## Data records
▼

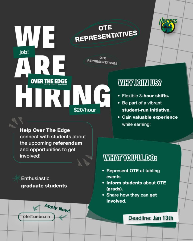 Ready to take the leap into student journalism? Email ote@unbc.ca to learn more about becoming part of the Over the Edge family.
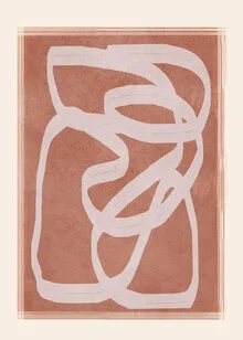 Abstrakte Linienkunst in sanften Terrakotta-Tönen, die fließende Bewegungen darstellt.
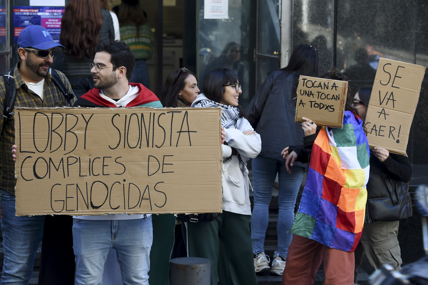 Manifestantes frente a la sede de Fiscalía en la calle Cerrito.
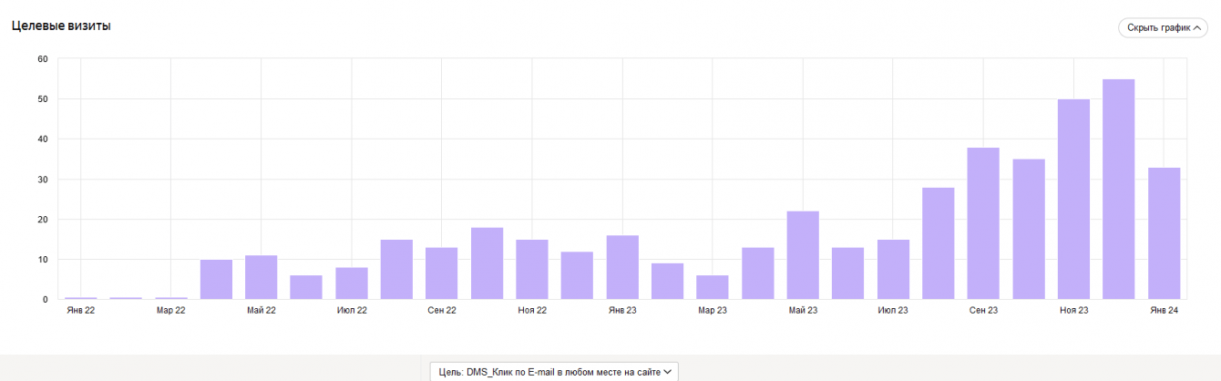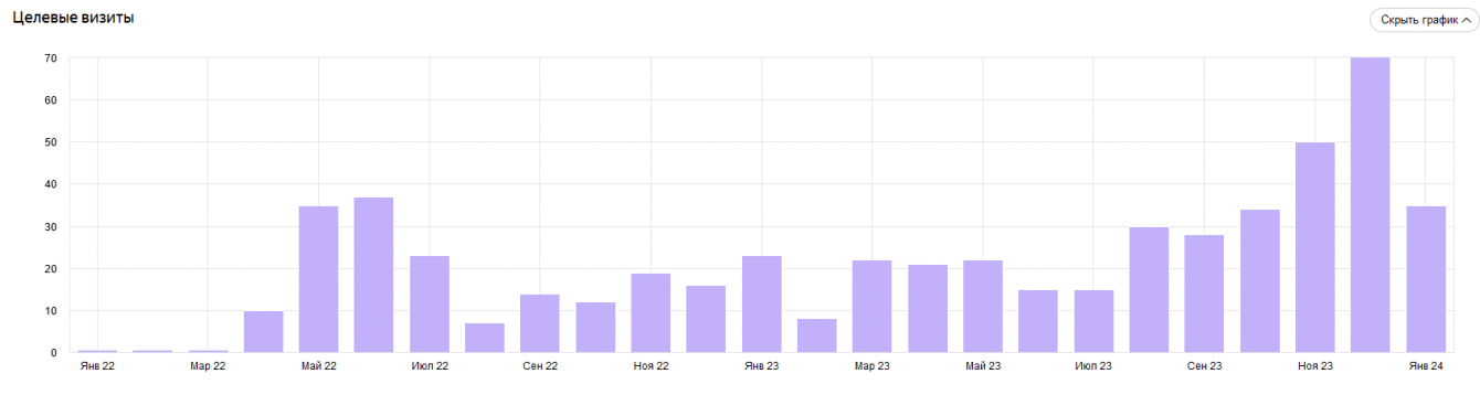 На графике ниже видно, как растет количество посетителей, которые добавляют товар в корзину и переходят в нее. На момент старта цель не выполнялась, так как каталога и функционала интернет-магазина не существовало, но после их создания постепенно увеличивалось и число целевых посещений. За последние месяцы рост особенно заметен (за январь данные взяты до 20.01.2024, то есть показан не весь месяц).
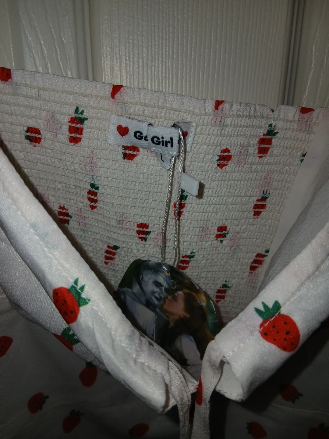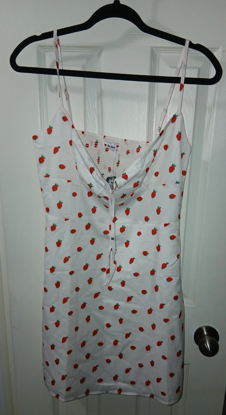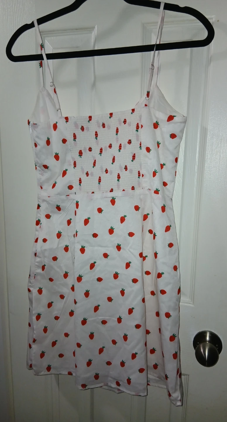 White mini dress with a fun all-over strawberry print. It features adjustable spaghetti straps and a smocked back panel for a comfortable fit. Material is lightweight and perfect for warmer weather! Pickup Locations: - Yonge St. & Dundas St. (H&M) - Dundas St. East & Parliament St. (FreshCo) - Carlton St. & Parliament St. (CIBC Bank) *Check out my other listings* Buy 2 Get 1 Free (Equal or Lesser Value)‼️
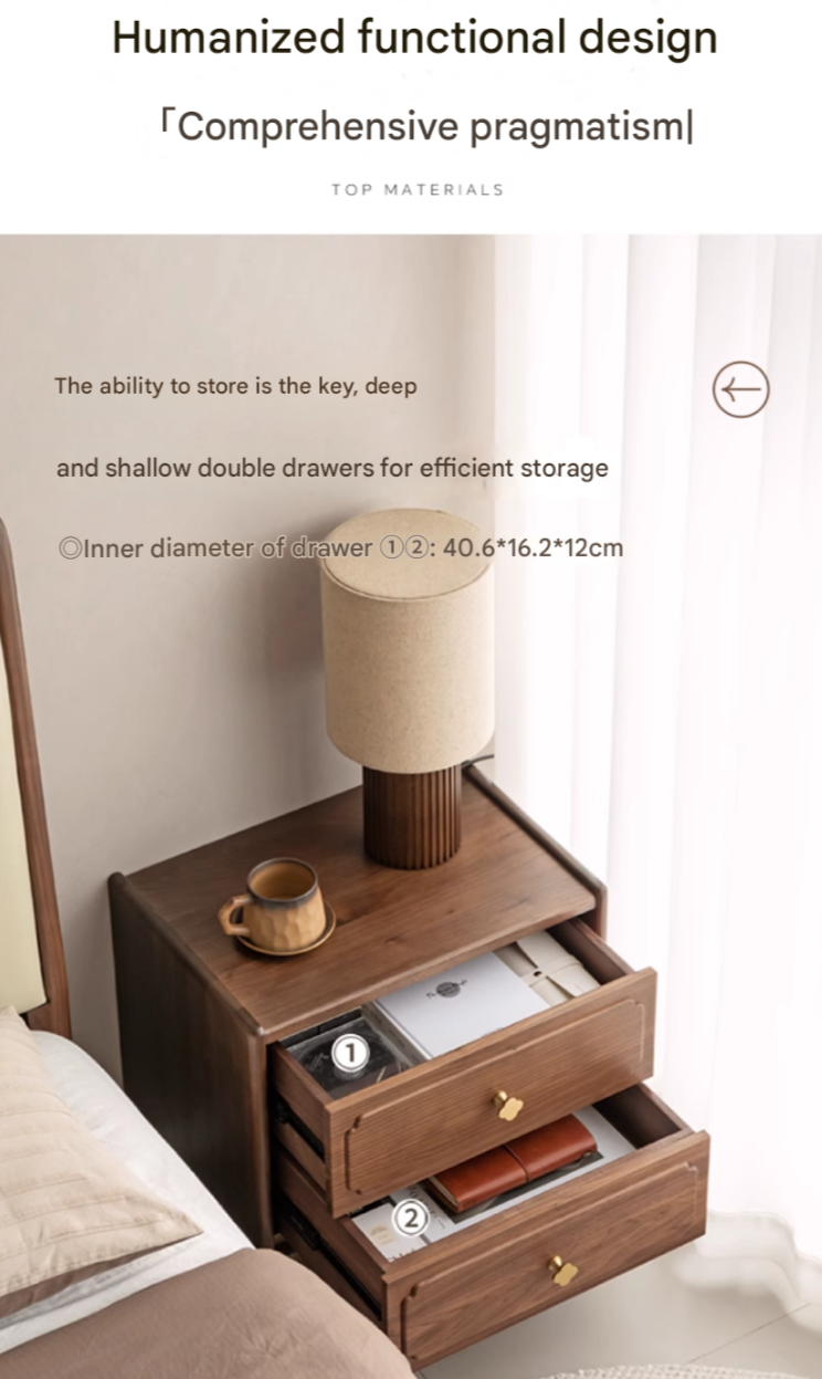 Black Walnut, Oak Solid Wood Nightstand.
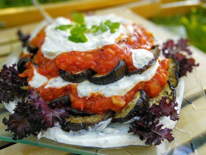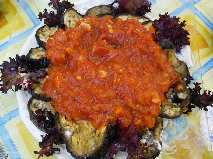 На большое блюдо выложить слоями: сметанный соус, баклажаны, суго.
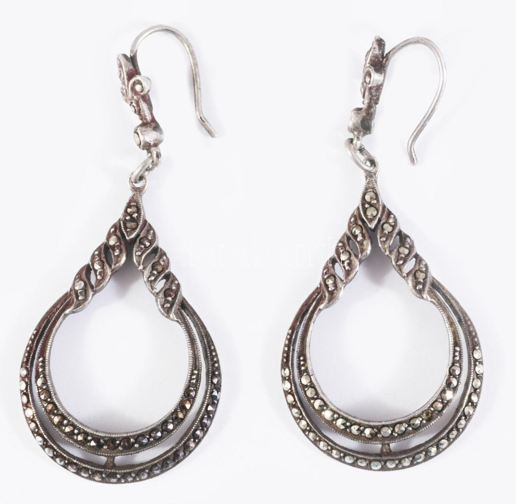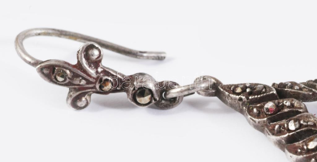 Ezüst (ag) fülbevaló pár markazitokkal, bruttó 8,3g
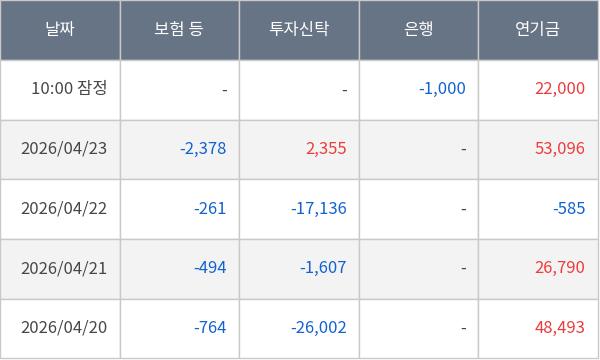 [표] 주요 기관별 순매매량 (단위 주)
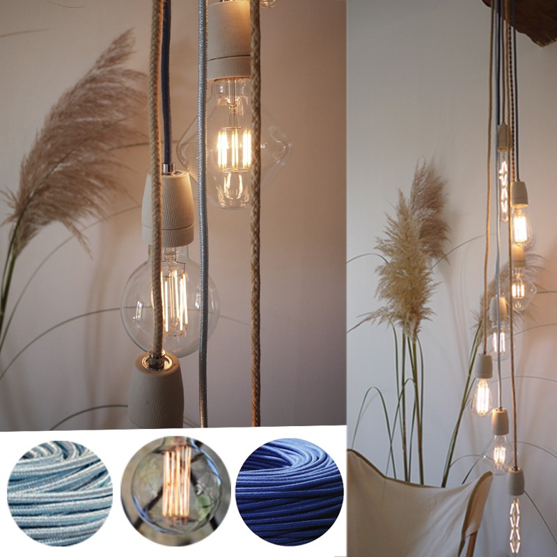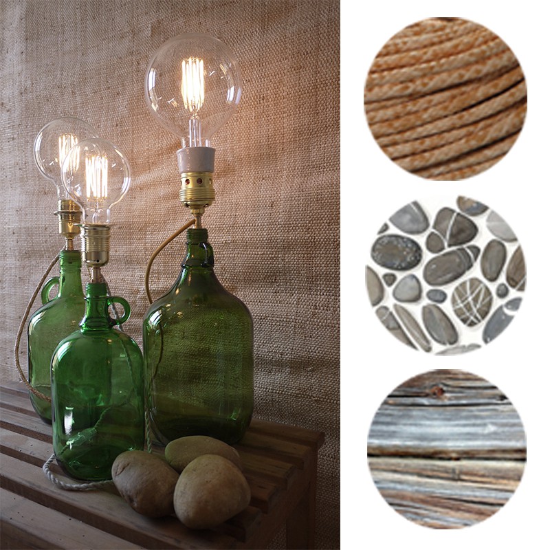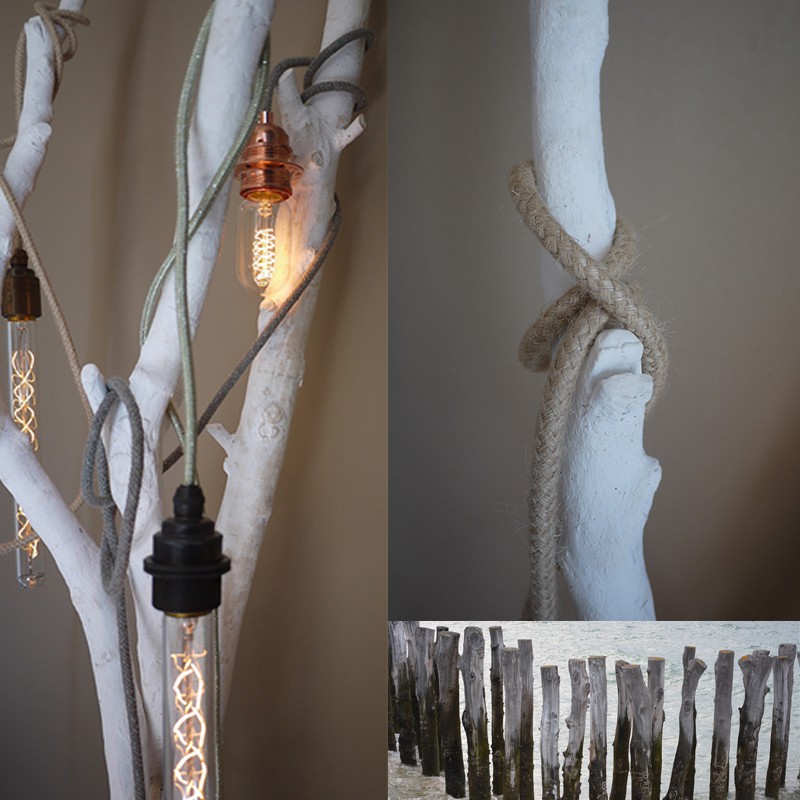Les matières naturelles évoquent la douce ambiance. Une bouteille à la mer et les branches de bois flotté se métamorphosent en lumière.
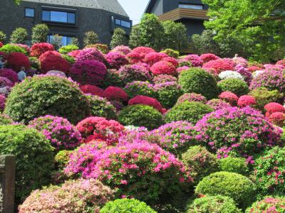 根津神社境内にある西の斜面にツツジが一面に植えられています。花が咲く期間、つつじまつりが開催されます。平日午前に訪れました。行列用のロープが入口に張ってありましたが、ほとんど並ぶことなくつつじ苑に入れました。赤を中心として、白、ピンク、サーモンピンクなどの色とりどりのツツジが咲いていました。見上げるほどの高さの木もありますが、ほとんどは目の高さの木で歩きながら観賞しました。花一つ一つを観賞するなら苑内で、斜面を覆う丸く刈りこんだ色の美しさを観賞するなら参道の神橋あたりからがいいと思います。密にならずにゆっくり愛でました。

▲

Starting at the line above that holds "White mini dress", return each line up to and including the one that holds "[표] 주요 기관별 순매매량 (단위 주)", exactly as written, minus any pictures.

## Task response
 White mini dress with a fun all-over strawberry print. It features adjustable spaghetti straps and a smocked back panel for a comfortable fit. Material is lightweight and perfect for warmer weather! Pickup Locations: - Yonge St. & Dundas St. (H&M) - Dundas St. East & Parliament St. (FreshCo) - Carlton St. & Parliament St. (CIBC Bank) *Check out my other listings* Buy 2 Get 1 Free (Equal or Lesser Value)‼️
 Black Walnut, Oak Solid Wood Nightstand.
 На большое блюдо выложить слоями: сметанный соус, баклажаны, суго.
 Ezüst (ag) fülbevaló pár markazitokkal, bruttó 8,3g
 [표] 주요 기관별 순매매량 (단위 주)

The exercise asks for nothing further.